Grieving father takes his cause to the Web

By Wilson Brown
Staff writer
Published: 6/7/06 in Villa Park Argus/Lombard Spectator

New site dedicated to railroad safety, Kristen Bowen

Ray Zukowski spends up to 20 hours a day on his computer.

The 47-year-old Lombard resident doesn't do it to waste time, though.

"I'm not getting a lot of sleep right now," he said. "I'm planted and glued to it all day."

For the past two weeks, Zukowski has been setting up, maintaining and updating a Web site in memory of his daughter Kristen Bowen, 14, who was struck and killed by a freight train in February while she was crossing the tracks about a quarter mile from Addison Road in Villa Park.

When asked what he does for a living, Zukowski said, "Right now -- this."

Before the Web site, Zukowski used to manage a group of gas stations for Clark Retail.

"We're working on getting a nonprofit going," he said of the Web site at "Right now, we're just going on the savings we have."

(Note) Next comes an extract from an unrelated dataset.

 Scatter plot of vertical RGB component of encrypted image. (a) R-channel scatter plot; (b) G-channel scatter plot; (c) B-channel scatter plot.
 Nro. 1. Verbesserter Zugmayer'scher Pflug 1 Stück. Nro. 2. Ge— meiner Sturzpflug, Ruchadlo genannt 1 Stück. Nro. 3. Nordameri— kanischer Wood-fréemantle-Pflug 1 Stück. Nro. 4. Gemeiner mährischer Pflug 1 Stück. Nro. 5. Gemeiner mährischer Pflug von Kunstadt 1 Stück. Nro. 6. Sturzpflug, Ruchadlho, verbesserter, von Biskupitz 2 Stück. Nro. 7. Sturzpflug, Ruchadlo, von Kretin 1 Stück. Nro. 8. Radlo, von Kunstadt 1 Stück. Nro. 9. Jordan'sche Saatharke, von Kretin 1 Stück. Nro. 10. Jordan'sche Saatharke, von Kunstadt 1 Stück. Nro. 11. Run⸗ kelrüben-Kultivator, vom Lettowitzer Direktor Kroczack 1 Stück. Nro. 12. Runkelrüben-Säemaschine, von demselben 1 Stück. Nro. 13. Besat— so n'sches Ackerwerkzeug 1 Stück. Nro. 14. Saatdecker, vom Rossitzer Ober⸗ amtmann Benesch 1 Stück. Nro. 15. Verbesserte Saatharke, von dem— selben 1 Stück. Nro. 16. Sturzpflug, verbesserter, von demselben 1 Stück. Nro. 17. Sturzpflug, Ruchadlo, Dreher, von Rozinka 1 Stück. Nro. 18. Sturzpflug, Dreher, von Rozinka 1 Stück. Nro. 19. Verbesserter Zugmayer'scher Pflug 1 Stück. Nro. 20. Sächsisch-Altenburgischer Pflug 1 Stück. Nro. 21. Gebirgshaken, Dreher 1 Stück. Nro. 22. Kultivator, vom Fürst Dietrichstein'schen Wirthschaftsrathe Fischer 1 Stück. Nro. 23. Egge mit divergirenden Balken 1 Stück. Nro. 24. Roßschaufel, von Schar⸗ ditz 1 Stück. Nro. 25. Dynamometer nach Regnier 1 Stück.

The Web site includes a biography on Kristen, railroad safety news and information on Kristen's Law, which calls for concrete walls or other barriers near area railroad tracks to keep people from constructing unlawful shortcuts.

"It was started by me," Zukowski said of the relatively new Web site that went up over the Memorial Day weekend. "We wanted to attract attention. ... Saving lives is the No. 1 purpose."

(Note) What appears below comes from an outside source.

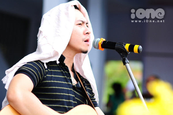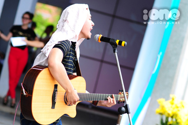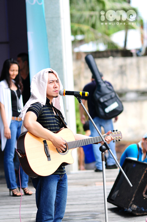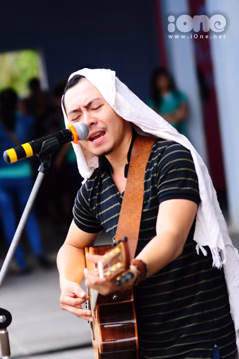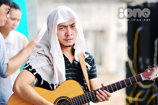 Võ Trọng Phúc trùm khăn, ôm đàn hát giữa trưa

Zukowski especially wants to shed light on an area in Lombard where North Ahrens, North Chase and North Westmore all dead end at the Union Pacific Railroad tracks and the popular shortcuts that children and adults take over the tracks.

More events, educational seminars and fundraisers to raise awareness and money for potential barriers are to come, Zukowski said.

"We're really hoping the Web site kicks it off a bit," he said.

Last month, Kristen's classmates at Willowbrook High School held a car wash in Villa Park with the proceeds going to purchase thorny shrubs and fences to keep children off of the tracks.

"There are no protective barriers on the Lombard side of the tracks," Zukowski writes on the site. "On the Villa Park side there is a broken down partial fence that, if repaired, would separate children playing in the park from the high speed train traffic and would deter potential Lombard crossers but 100-plus feet of fencing is missing."

According to Zukowski, "No Trespassing" signs haven't been posted near the tracks either.

"The railroad has the money and we would like to see them spend more of it," he said. "Besides education, we wish they'd put up barriers to keep people out of these deathtraps."